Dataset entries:
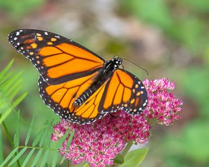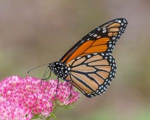 Late this afternoon, Joan noticed a monarch butterfly on some sedum in the flower bed by our deck. Of course, I took the camera (rigged for odes) out to get a few photos.
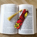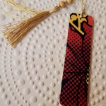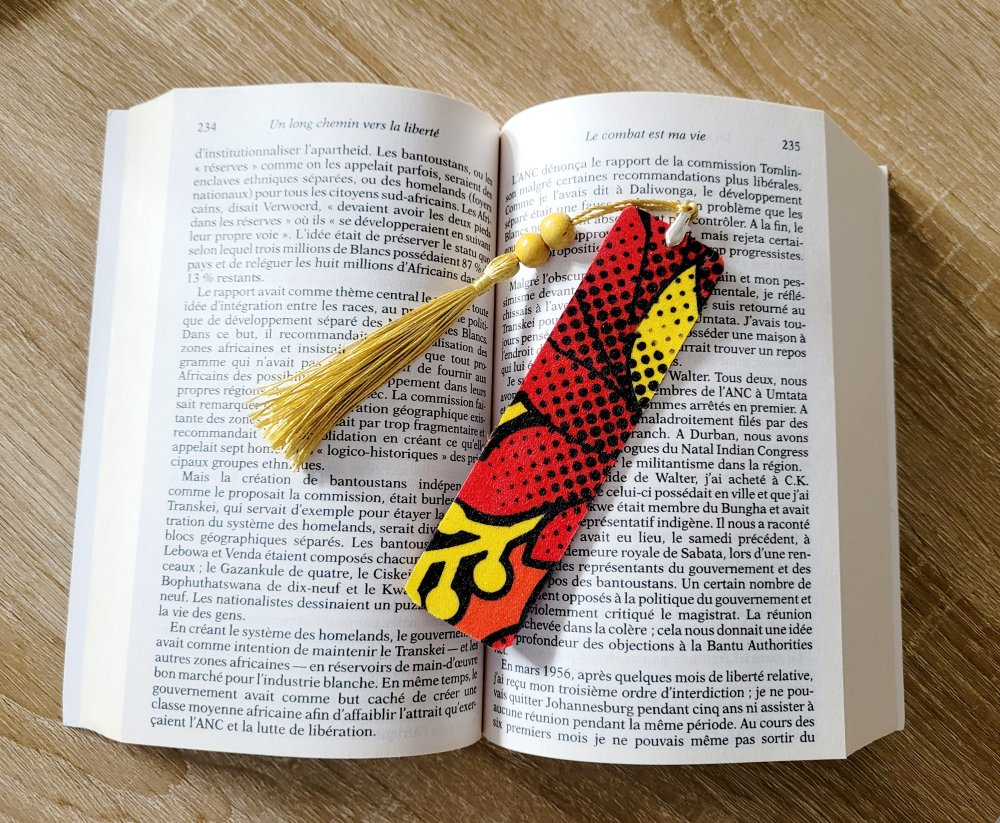 Marque page en bois recouvert de tissu wax , orné d'un joli pompom et de perles de bois.
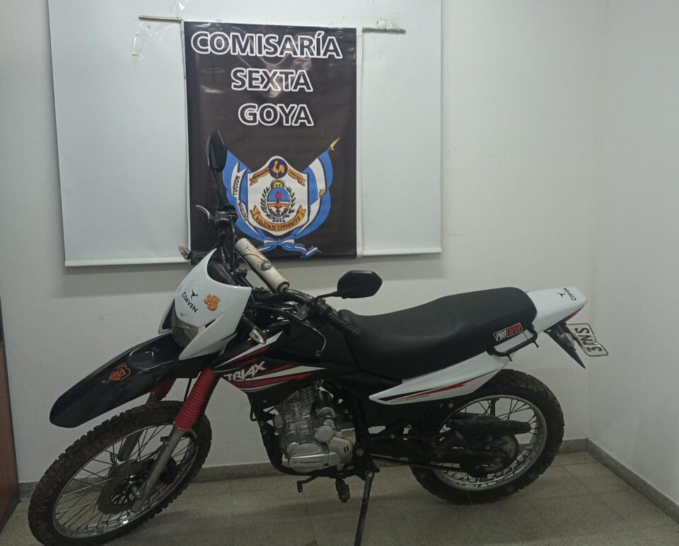 En horas de la tarde del Martes, personal de la Comisaría Seccional Sexta de Goya, a cargo del comisario inspector Walter López, en el marco de tareas investigativas, tomó conocimiento a través de vecinos del Paraje Isla Sola sobre el hallazgo de una motocicleta marca Corven, tipo cross, color negra y blanca, en aparente estado de abandono.
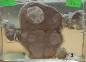 Fibroids are a type of uterine leiomyoma. Fibroids grossly appear as round, well circumscribed (but not encapsulated), solid nodules that are white or tan, and show whorled appearance on histological section. The size varies, from microscopic to lesions of considerable size. Typically lesions the size of a grapefruit or bigger are felt by the patient herself through the abdominal wall.[1]
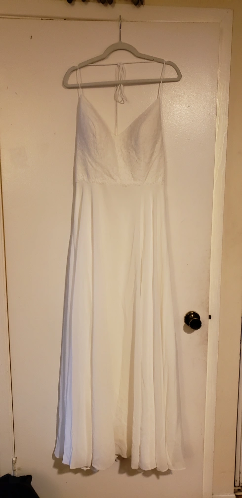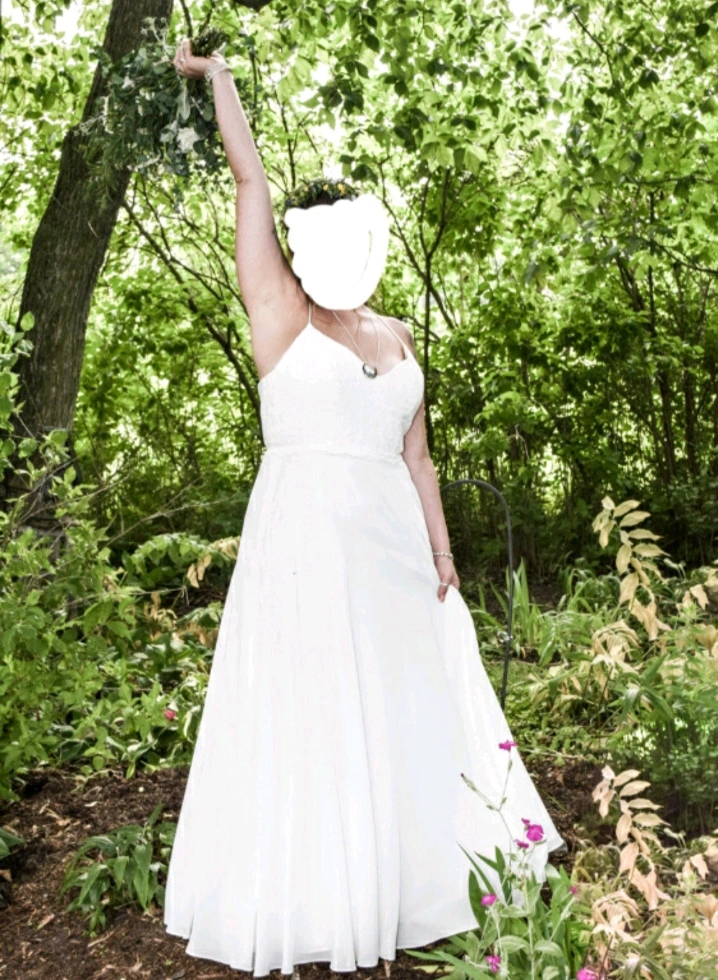 Selling a beautiful Éloise Marie Couture wedding dress. It's an ivory colour and size 12. The bodice is lace, and the skirt and liner are ivory. It's in great condition and ready for its next special day! I wore this in the middle of the July's dead heat, it was nice and cool! Paid $1000 asking $500 Worn once and has been freshly dry cleaned!
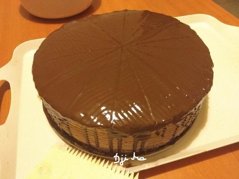 - A csokit olvasszuk fel vízgőz felett, keverjük simára az olajjal, mikor kicsit hűl, és sűrűsödni kezdene, öntsük a torta tetejére, Nem baj ha az oldalára csorog, Mielőtt a csoki megdermedne villával becsíkozhassuk, vagy más díszítést is használhatunk.
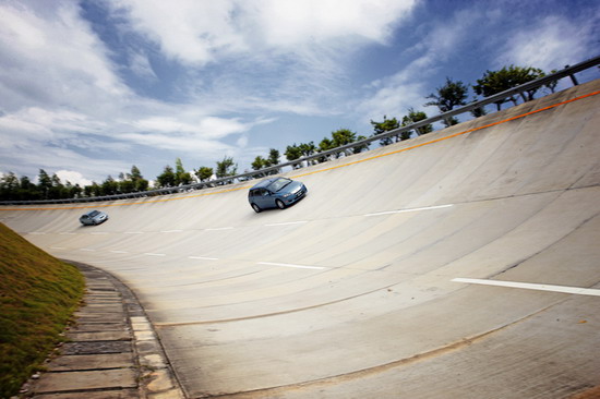 给笔者最大惊喜的是一组e6B"飞檐走壁"的照片,图片上的e6B在近乎垂直的高环跑道上飞驰如履平地,时速可想而知。据悉目前e6B正在进行24小时不间断高速环道测试,人歇车不歇,从而测试车辆的可靠性。
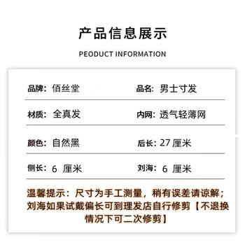 佰丝堂假发男短发中年男士寸头短直发全头套100%真人发丝光头假发套真发
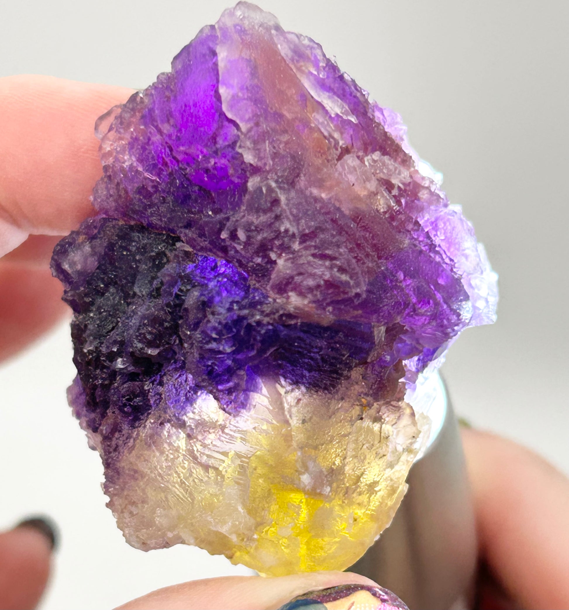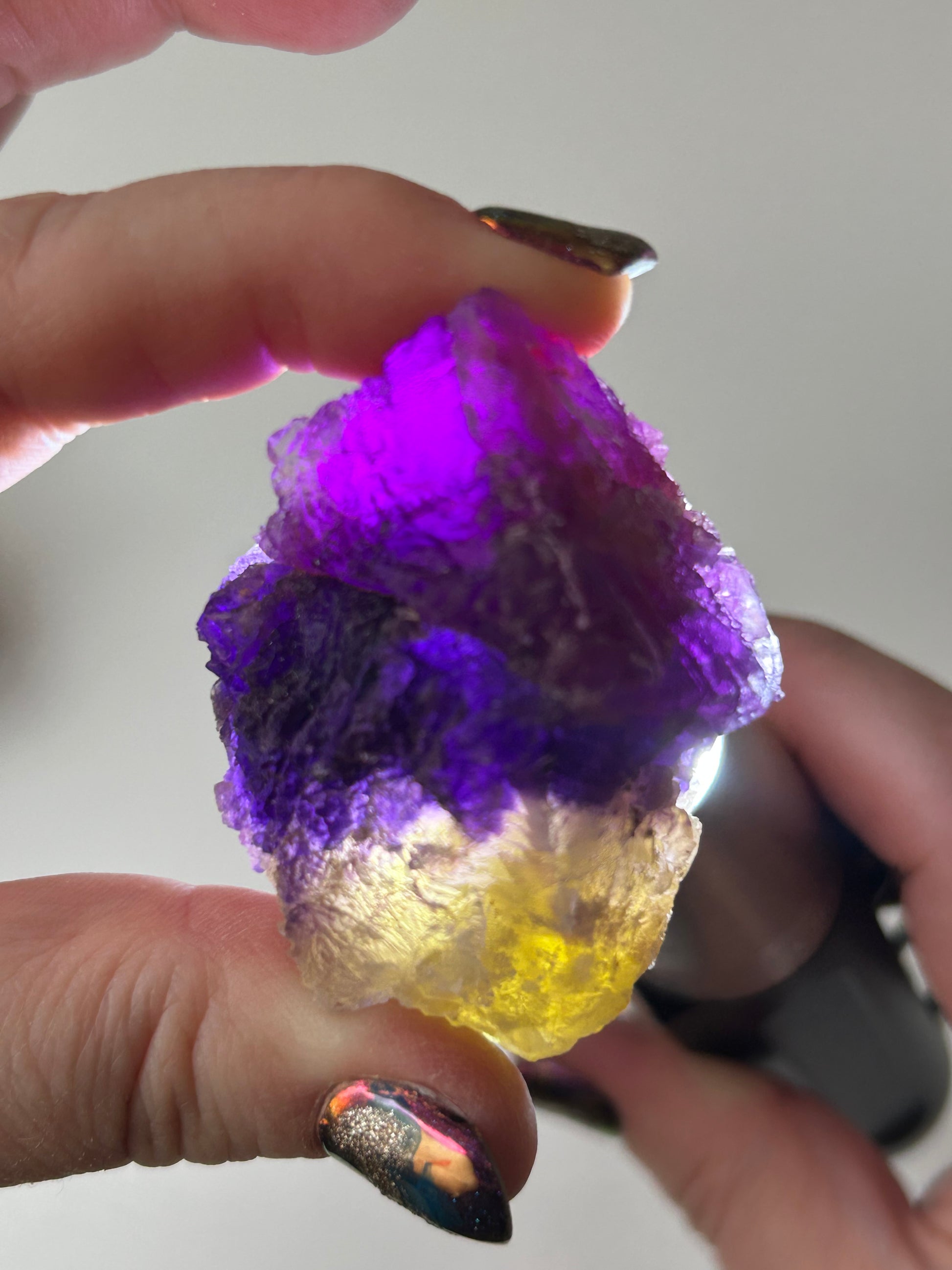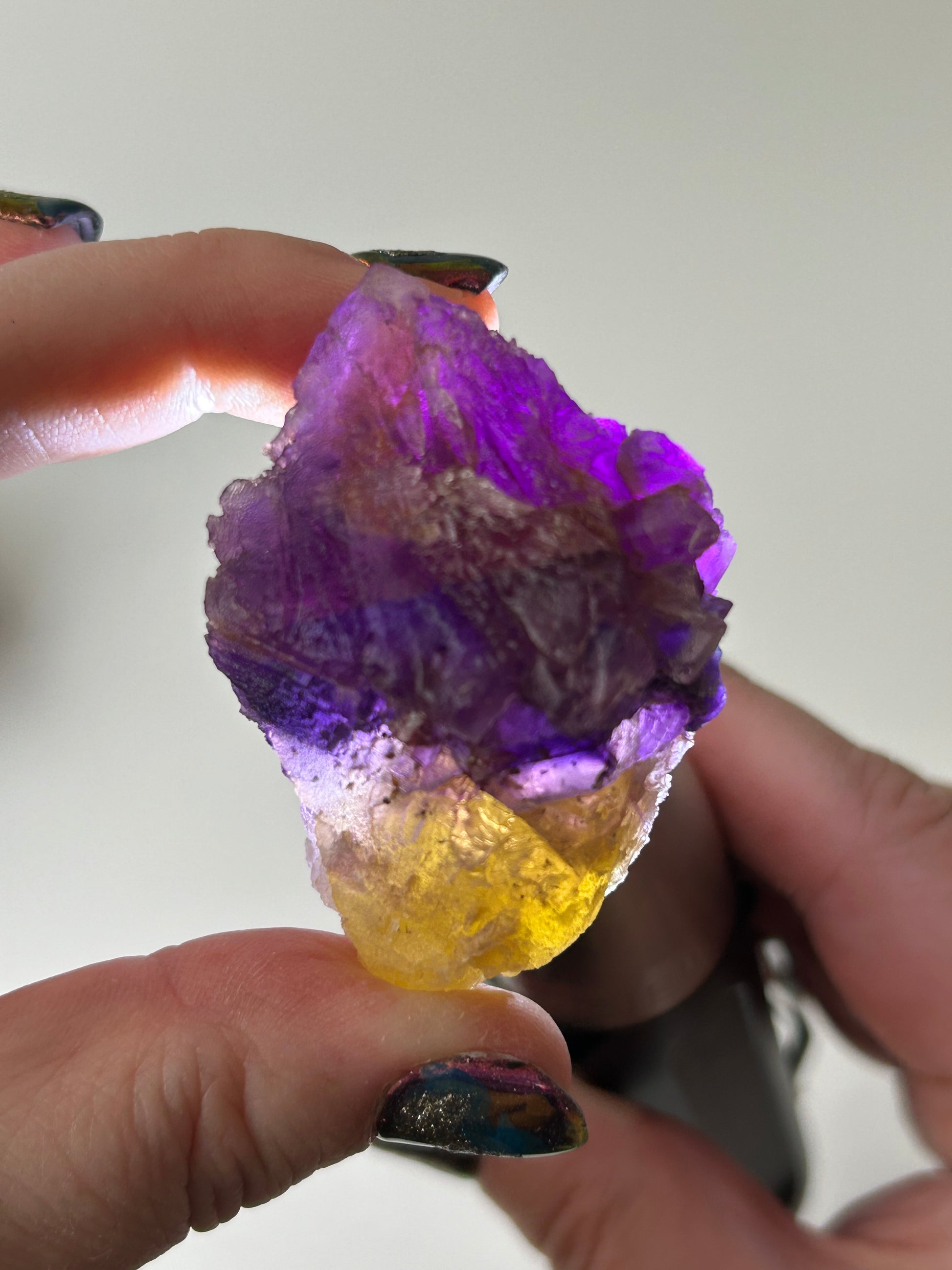 This Blue, Purple & Yellow Fluorite is from the world famous Cave-In-Rock mining area, Illinois, USA 🇺🇸 This Tri colour piece shows the way that after formation Fluorite can dissolve, adding a beautiful and unique pattern to these Fluorites.

WHAT YOU SHOULD DO: Your reply must match the data above line for line, except that it holds no pictures.

WRITTEN RESPONSE:
 Late this afternoon, Joan noticed a monarch butterfly on some sedum in the flower bed by our deck. Of course, I took the camera (rigged for odes) out to get a few photos.
 Marque page en bois recouvert de tissu wax , orné d'un joli pompom et de perles de bois.
 En horas de la tarde del Martes, personal de la Comisaría Seccional Sexta de Goya, a cargo del comisario inspector Walter López, en el marco de tareas investigativas, tomó conocimiento a través de vecinos del Paraje Isla Sola sobre el hallazgo de una motocicleta marca Corven, tipo cross, color negra y blanca, en aparente estado de abandono.
 Fibroids are a type of uterine leiomyoma. Fibroids grossly appear as round, well circumscribed (but not encapsulated), solid nodules that are white or tan, and show whorled appearance on histological section. The size varies, from microscopic to lesions of considerable size. Typically lesions the size of a grapefruit or bigger are felt by the patient herself through the abdominal wall.[1]
 Selling a beautiful Éloise Marie Couture wedding dress. It's an ivory colour and size 12. The bodice is lace, and the skirt and liner are ivory. It's in great condition and ready for its next special day! I wore this in the middle of the July's dead heat, it was nice and cool! Paid $1000 asking $500 Worn once and has been freshly dry cleaned!
 - A csokit olvasszuk fel vízgőz felett, keverjük simára az olajjal, mikor kicsit hűl, és sűrűsödni kezdene, öntsük a torta tetejére, Nem baj ha az oldalára csorog, Mielőtt a csoki megdermedne villával becsíkozhassuk, vagy más díszítést is használhatunk.
 给笔者最大惊喜的是一组e6B"飞檐走壁"的照片,图片上的e6B在近乎垂直的高环跑道上飞驰如履平地,时速可想而知。据悉目前e6B正在进行24小时不间断高速环道测试,人歇车不歇,从而测试车辆的可靠性。
 佰丝堂假发男短发中年男士寸头短直发全头套100%真人发丝光头假发套真发
 This Blue, Purple & Yellow Fluorite is from the world famous Cave-In-Rock mining area, Illinois, USA 🇺🇸 This Tri colour piece shows the way that after formation Fluorite can dissolve, adding a beautiful and unique pattern to these Fluorites.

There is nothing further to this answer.